Kosi became a touchstone of realness. If he could be with her, so extraordinarily beautiful and yet so ordinary, predictable, and domestic and dedicated, then perhaps his life would start to seem believably his… Still, he married her. They were living together anyway, and he was not unhappy, and he imagined that she would, with time, gain a certain heft. She had not, after four years, except physically, in a way that he thought made her look even more beautiful, fresher, with fuller hips and breasts, like a well-watered houseplant. (pg 565-566)

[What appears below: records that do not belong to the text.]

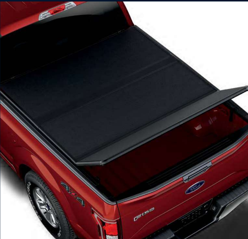
CUBIERTA RÍGIDA PLEGABLE DE CAJA 5.5'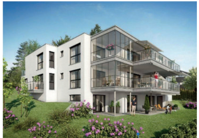
2015 Uitikon-Waldegg, Neubau 5 Whg.

uptown-thalwil.ch 14 Eigentumswohnungen in der Rüti 8800 Thalwil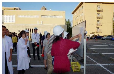
避難者数の確認（宝町）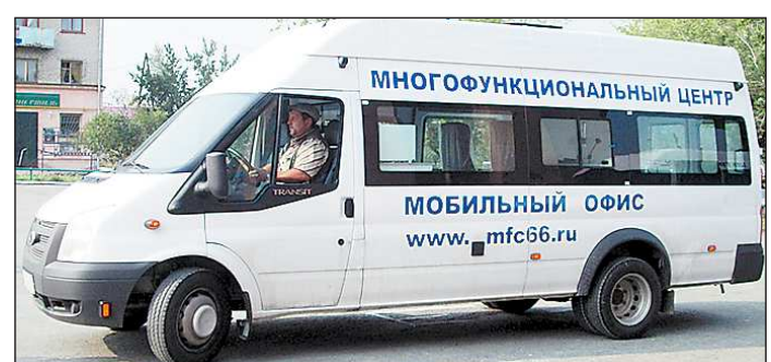
В отдалённых территориях области госуслуги можно получить с помощью мобильных офисов МФЦ

Для того чтобы информация от органов регионально-государственного управления стала более открытой и доступной, была разработана тестовая версия сайта «Открытое правительство», а также запущен в эксплуатацию портал «Открытый бюджет Свердловской области» info.mfural.ru/ebudget .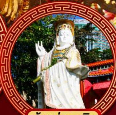
เจ้าแม่กวนอิม รีพัลส์เบย์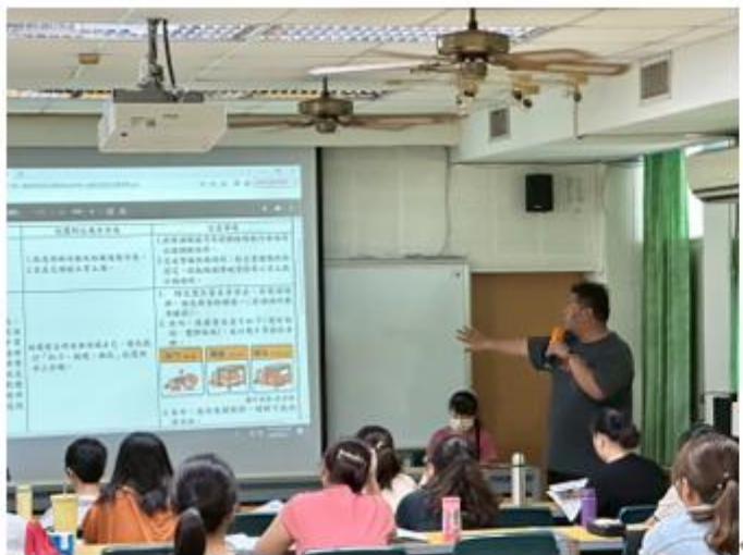
導師會報使用環保杯。◀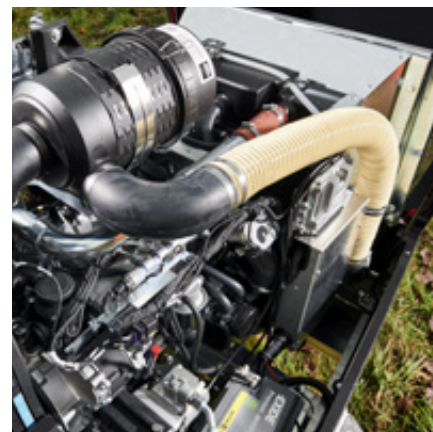
Hatz 4H50 Stage V motor met 55 kW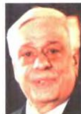
Ο Πρ. Παυλόπουλος

Το απόγευμα η κυρία Θάνου θα τελέσει τα εγκαίνια της έκθεσης «Μαγεμένες», στο περίπτερο 3 της Έκθεσης, ενώ το βράδυ θα απευθύνει χαιρετισμό στα εγκαίνια της ΔΕΘ.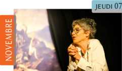
Le radeau de la méduse Anne Cangelosi Théâtre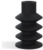
Variantenreferenz: 81 18NI A

His comparison of her to a houseplant is a very accurate description of their marriage. Obinze needs something more than a pretty decoration at the end of the day to take care of him. He wants the intelligence in his marriage that he had in his relationship with Ifemelu. He even expected this spark of curiosity to grow in Kosi at the beginning of his marriage, but it never did. This creates a void between them that they have never been able to bridge in the four years they have been together. This is likely because Kosi was not bothered by the void and Obinze was still half in love with Ifemelu. He didn’t want to grow closer to another woman, so he did not press Kosi.

In the end, a situation like the one in the book has no perfect answer. While it is difficult for me to connect as deeply with Kosi as I do with Ifemelu, I still couldn’t help but feel sorry for Kosi. She tried very hard to be the perfect wife, but Obinze’s notion of the ideal wife and her own notion were just too different.